The investment values per household across the subset of categories we have looked at over time is summarised in a table below, which compares the 2011-12 data presented in the book for 2007-08.
|Focus of investment||2007-08Average per household (US$) at standardised 2009 prices||2011-12Average per household (US$) at standardised 2009 prices|
|Cattle||612||247 (purchase), all increases 961|
|Transport||150||320 (232 excluding tractors)|
|Total||$2161||$1491 to $2293|
We can see that investment has continued, particularly in assets linked to farm production (whether in terms of cattle, farm equipment or transport) and resettlement living (especially housing, sanitation and water supplies).
In addition, there has been significant investment in items we didn’t even look at in 2007-08 such as solar panels and cell phones. A few years ago, these were regarded as luxuries, available to only a few, but today, they are widely available. In the five years before 2011, 661 cell phones and 227 solar panels were bought across the sites, representing 1.75 new cell phones per household and 0.6 solar panels. At a current rough average value, the total investment per household in cell phones (at $50 each) was $87 and solar panels (at $150 each) was $90.
While multiple caveats must be attached to all these figures, the point, as noted before, is less the actual number but more the scale and trend of the investment dynamic. This is significant and impressive, and has continued now over many years, generated in large part through the economic activities motivated by land reform. Of course patterns of investment are highly differentiated, and in this short blog I have not been able to drill down into the detail. There are those who are doing well, and those who are not, and patterns of accumulation and differentiation continue to play out with multiple implications for agrarian dynamics.

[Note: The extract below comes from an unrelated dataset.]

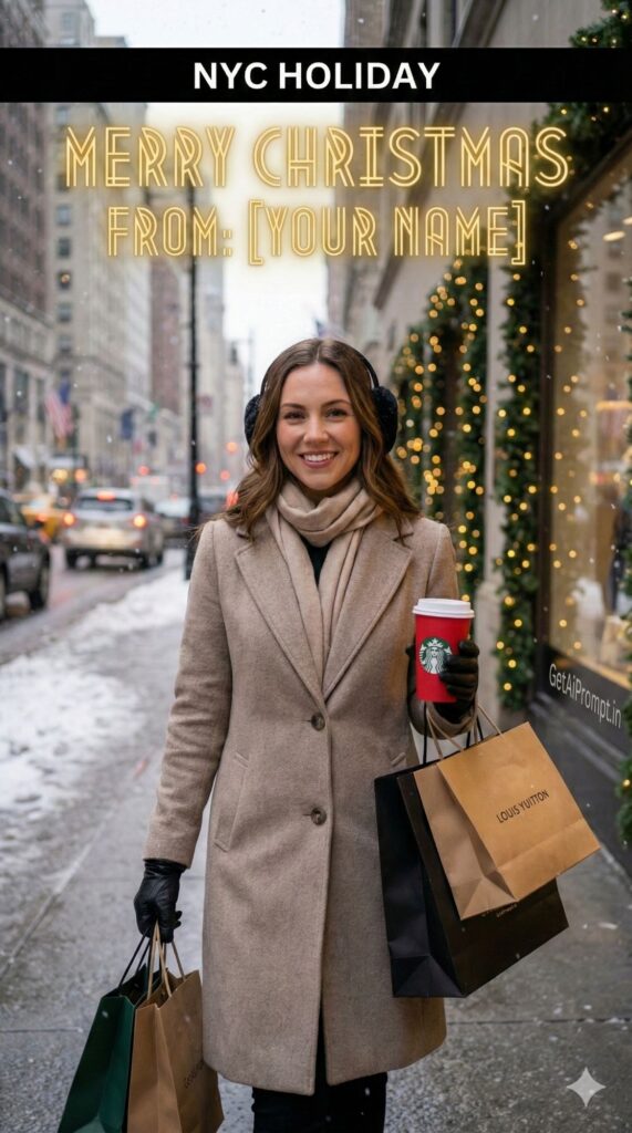 A hyper-realistic, wide-angle cinematic 8k masterpiece featuring the subject with [100% identical and same face in uploaded images] walking confidently down a snowy Fifth Avenue, New York City. They are holding multiple luxury shopping bags and a Starbucks red cup. They are wearing [OUTFIT: a beige cashmere trench coat, oversized designer scarf, leather gloves, earmuffs]. The background is filled with the blurred, golden bokeh of city traffic and massive holiday window displays. Snowflakes are caught in motion in the air. **TEMPLATE OVERLAY:** In the top third of the image, floating 3D golden neon text reads "MERRY CHRISTMAS". A smaller, elegant serif font below it reads "FROM: [YOUR NAME]". Embedded Branding: The text "GetAiPrompt.in" is subtly reflected in a shop window. Top Bar: A horizontal black bar at the very top edge containing the text "NYC HOLIDAY" in bold white cinematic font. --ar 9:16

But at root, as shown in our earlier studies, and again in our follow up data, we can see that the process of ‘accumulation from below’ is widespread, with important implications for longer term trajectories and the type of support that the resettlement areas need as part of a post-land reform rural development policy.
The on-going Masvingo study research is conducted by Ian Scoones, Blasio Mavedzenge, Felix Murimbarimba and Jacob Mahenehene.